Hearing to address order for attorneys to divulge information in Veronica case
Attorneys for Veronica’s birth father next week will challenge a judge’s request for them to give up the 3-year-old’s whereabouts and what they knew about their client’s resistance to an order finalizing her adoption.
Judge Daniel Martin of the Charleston County Family Court approved the adoption last week. But after the toddler and Dusten Brown didn’t show up for a visitation with the girl’s adoptive parents, he ordered Brown’s attorneys to hand over the information.
Brown’s family has said that the girl is safe at home in Nowata, Okla.
One of the two attorneys, John Nichols of Columbia, said the judge asked him and attorney Shannon Jones of Charleston to appear at 3 p.m. Wednesday to discuss Martin’s information request and some motions filed before the adoption was finalized.
“We’ve just asked him to reconsider,” Nichols said Friday.
Jones said only that she would be “seeking justice.”
South Carolina bars parties in an adoption from appealing a final decree because of “defect or irregularity.” It does allow appeals based on “extrinsic fraud,” defined as something that “induces a person not to present a case or deprives a person of the opportunity to be heard.”
Matt and Melanie Capobianco, the James Island couple now considered the adoptive parents, attended the previous hearing July 31, but Brown was training with the Army National Guard in Iowa.
The military activity was why Brown’s representatives said he missed the scheduled meeting Sunday, when a plan to reintroduce Veronica to the Capobiancos was scheduled to start.
Martin then demanded an immediate custody transfer and asked federal and state prosecutors to help find Veronica.
In a statement Friday, 9th Circuit Solicitor Scarlett Wilson said her role in helping the court was “unusual and rare.” Wilson said she was “working day and night” with law agencies to bring Veronica back to Charleston.
But there is no simple, swift way to end the saga, she said.
“There are many legal reasons ... that law enforcement cannot swoop down into Oklahoma and immediately whisk Baby V home to her parents,” she said. “Our states have agreed upon legal procedures to enforce custody matters.”
Like Wilson, Charleston County Sheriff Al Cannon said he couldn’t discuss specifics.
“We’re doing everything we can to address the situation,” Cannon told The Post and Courier. “We’re proceeding as expeditiously as possible.”
Assistant Attorney General Chrissi Nimmo of the Cherokee Nation, which has aided Brown’s legal fight to maintain custody, already has said that attorneys could fight the adoption decree in Oklahoma state and tribal courts. Law dictates a confirmation process for an out-of-state adoption order before Oklahoma authorities can enforce it.
Attorneys could argue that South Carolina did not have the jurisdiction to complete the adoption, she said.
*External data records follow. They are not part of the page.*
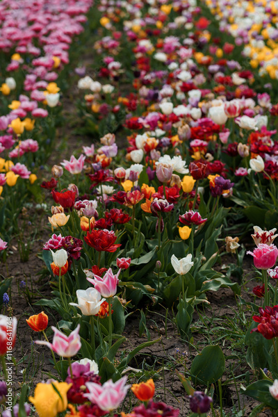 Vibrant Tulip Field in Full Bloom with Diverse Colors and Varieties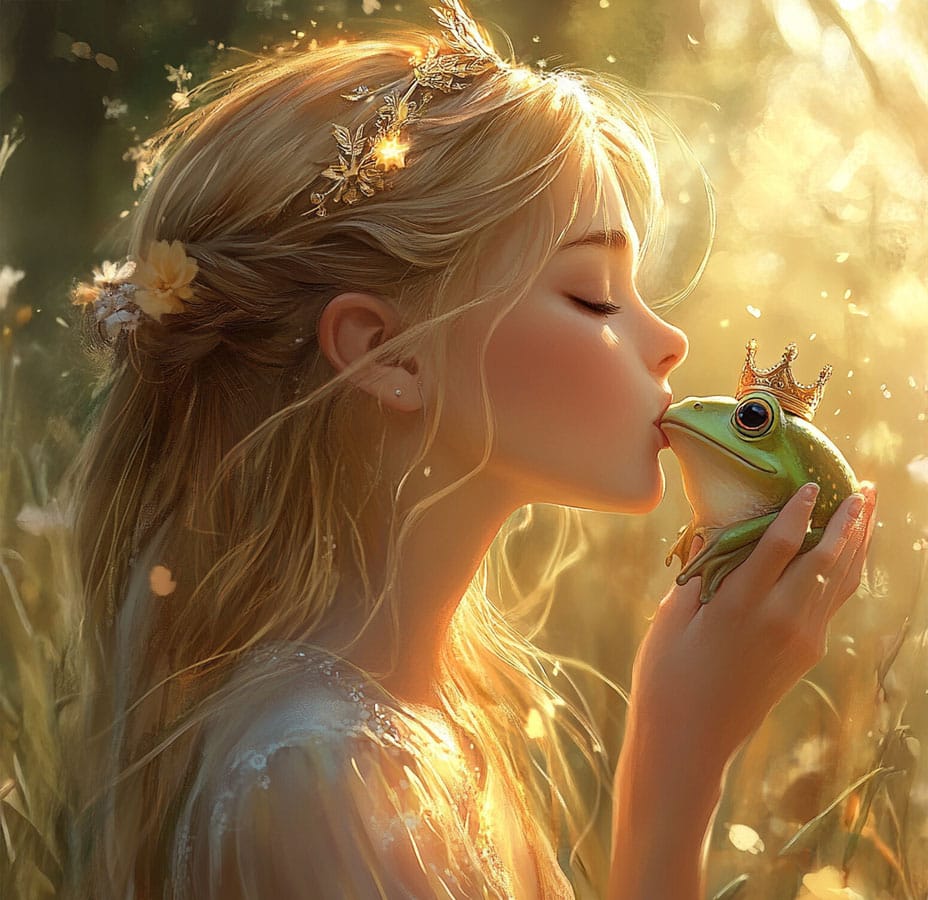 Esta imagen evoca uno de los temas clásicos en los cuentos de hadas: la relación entre una princesa y un sapo. Inspirada en historias como “El príncipe rana” de los hermanos Grimm, «Tiana y el Sapo» esta escena representa el momento en el que la princesa, a pesar de su sorpresa o duda, contempla al sapo, que resulta ser un príncipe encantado. Estos cuentos suelen enseñar valores como la importancia de mirar más allá de las apariencias y valorar la bondad y el corazón de las personas.
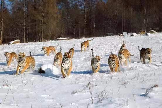 令人震撼的鏡泊湖吊水樓的冰瀑是牡丹江冬季的重要景點之一。在冰凌交錯、銀裝素裹的純凈世界里,世界吉尼斯紀錄創(chuàng)造者——中國懸崖跳水奇人狄煥然,在零下二十多度的鏡泊湖吊水樓冰瀑上,伸展雙臂,凌空一躍,撲向不結(jié)冰的黑龍?zhí)端妫肼洳罱?0米的水中,成為鏡泊湖景區(qū)冬季的一道獨特景觀。鏡泊湖水系水質(zhì)較好,水產(chǎn)資源極為豐富,大約有六十多種魚,冬季體驗鏡泊湖的大網(wǎng)捕魚、小網(wǎng)掛魚,在每年辭舊迎新之際看一場冬捕,絕對是預(yù)示著年年有余好兆頭的絕佳體驗。在漁夫們高亢的號子聲中,800多米長的大網(wǎng)從冰洞中漸漸滑出,胖頭魚、鯽魚、鯉魚等翻滾著、跳躍著,冒著熱氣蹦到冰面,“萬尾鮮魚出玉門”的奇觀景象讓人感嘆不已。橫道東北虎林園是世界上最大的東北虎人工飼養(yǎng)繁育基地和野化訓練基地。在幾代養(yǎng)虎人的辛勤努力下,已繁育活體東北虎1100余只,建有猛虎園、靈長類館、幼虎生態(tài)館、高空玻璃棧道、珍稀動物觀賞園、科普展覽館、觀虎長廊、虎文化廣場等多個景點。在這里,可以感受到獸中之王奔跑在蒼茫林海雪原的風馳電掣。也可以感受到成群東北虎躺臥在皚皚白雪“互談心事”的百般愜意,還可以領(lǐng)略到虎牛相斗、群虎撲食的驚險刺激。
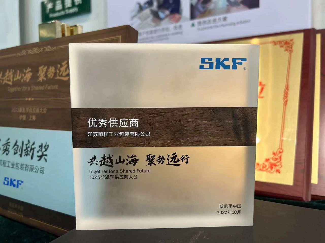 2023年10月27日,“共越山海,聚勢遠行”,2023 SKF供應商大會在上海嘉定召開。前程公司以穩(wěn)定高質(zhì)量的品質(zhì)、卓越的服務能力以及對行業(yè)綠色可持續(xù)發(fā)展的積極推進,榮獲“優(yōu)秀創(chuàng)新獎”,前程公司總經(jīng)理徐穎先生出席會議并代表領獎。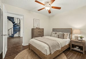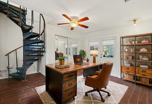The "Income & Independence" Suite is a rare find in Lutz real estate! The upper level features a private bedroom and bathroom suite with a balcony overlooking the pool. Accessible via a charming interior spiral staircase OR a completely private exterior entrance, this space is ideal for a secluded In-Law Suite, a private teen retreat, or a potential income-generating rental.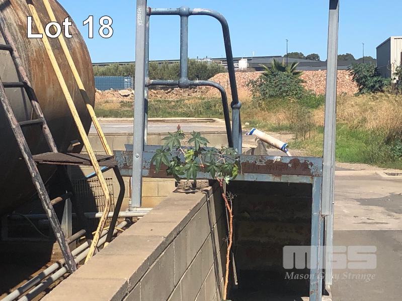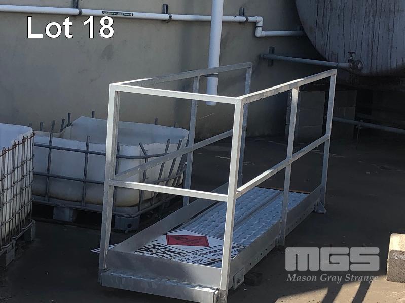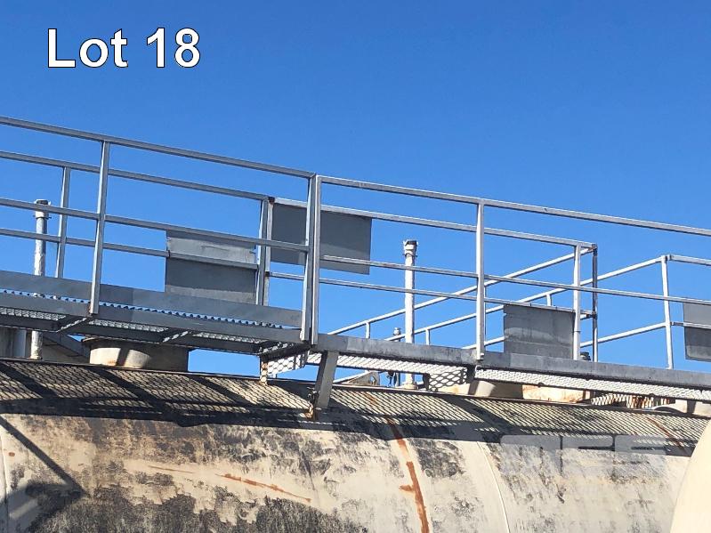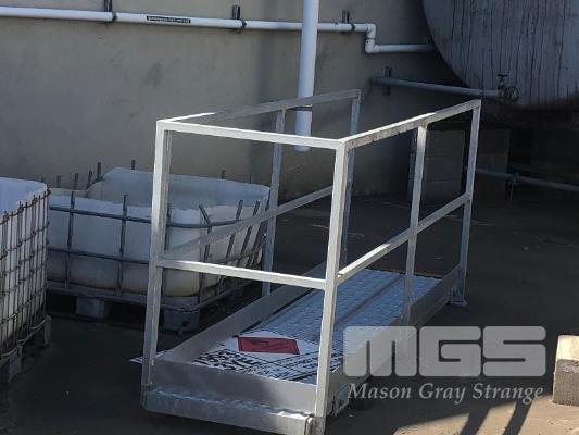 WALKWAY TO TOP OF TANKS, GALV STEEL STRETCH METAL TREADS ALL WITH HAND RAILS, PLUS EXTRA UN-USED SECTION NO HOT WORK AREA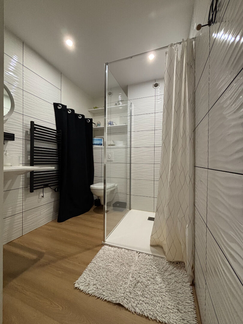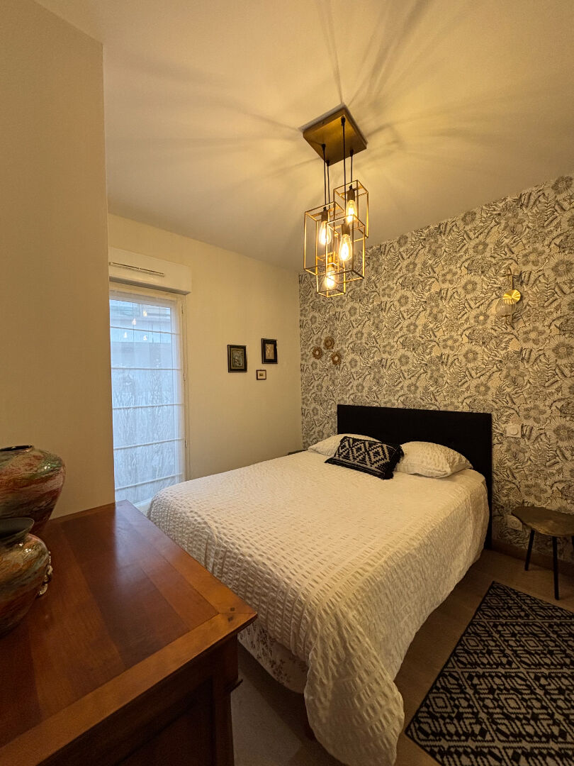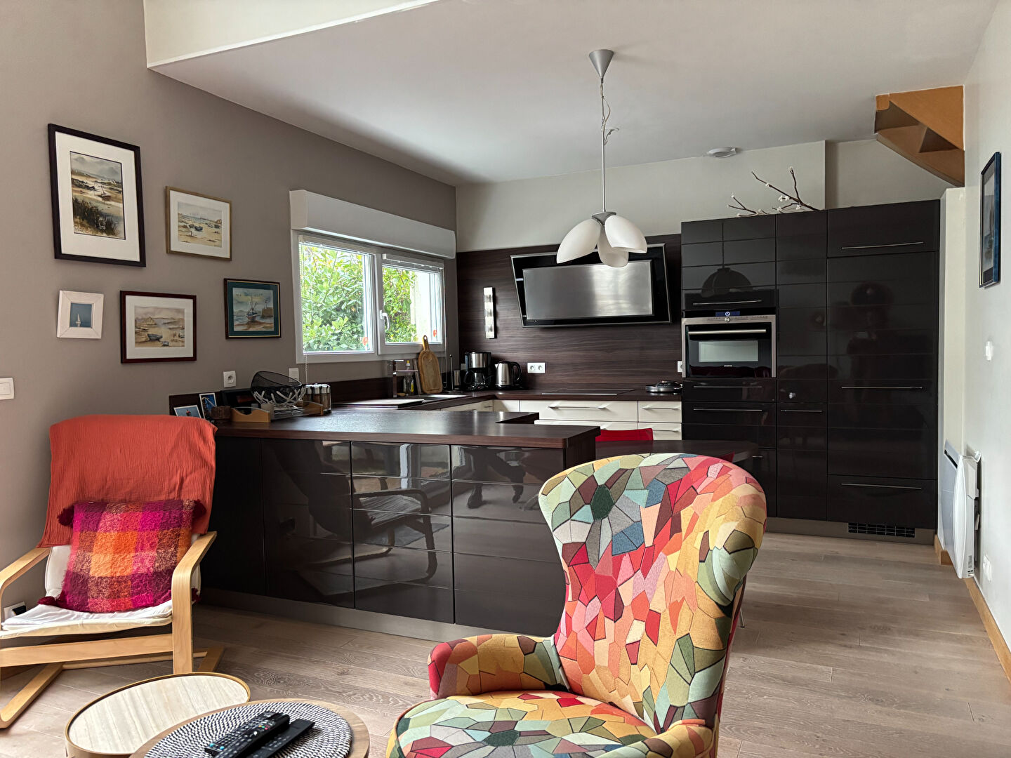 Le rez-de-chaussée propose également une chambre avec salle d'eau, permettant une vraie vie de plain-pied, ainsi qu'un garage. À l'étage, vous trouverez un bureau en mezzanine donnant accès à une terrasse, une seconde chambre avec salle d'eau attenante et un dressing, offrant confort et intimité. Côté stationnement, la maison dispose de deux places de parking supplémentaires.

“To my knowledge, a state has never finalized the adoption of a child who was in another state when the action was filed and in another state when the action was finalized,” Nimmo said. “There are multiple other South Carolina laws that were violated.”
When the U.S. Supreme Court ruled in June that the Indian Child Welfare Act didn’t apply to Brown, dissenting justices said that his American Indian relatives could file adoption petitions and that the courts would have to consider them under the ICWA.
The Cherokee Nation court will consider the jurisdictional arguments Sept. 4 in Oklahoma.
But Donald Cofsky of New Jersey, president of the American Academy of Adoption Attorneys, said further litigation might hurt the ICWA. He noted a lawsuit recently filed by a dozen birth mothers, including Veronica’s, asking for officials to declare portions of the law unconstitutional.
“The U.S. Supreme Court has spoken,” Cofsky said. “That should have been the end of it.”
Brown’s attorneys, he said, are “doing themselves a tremendous disservice by dragging this out.”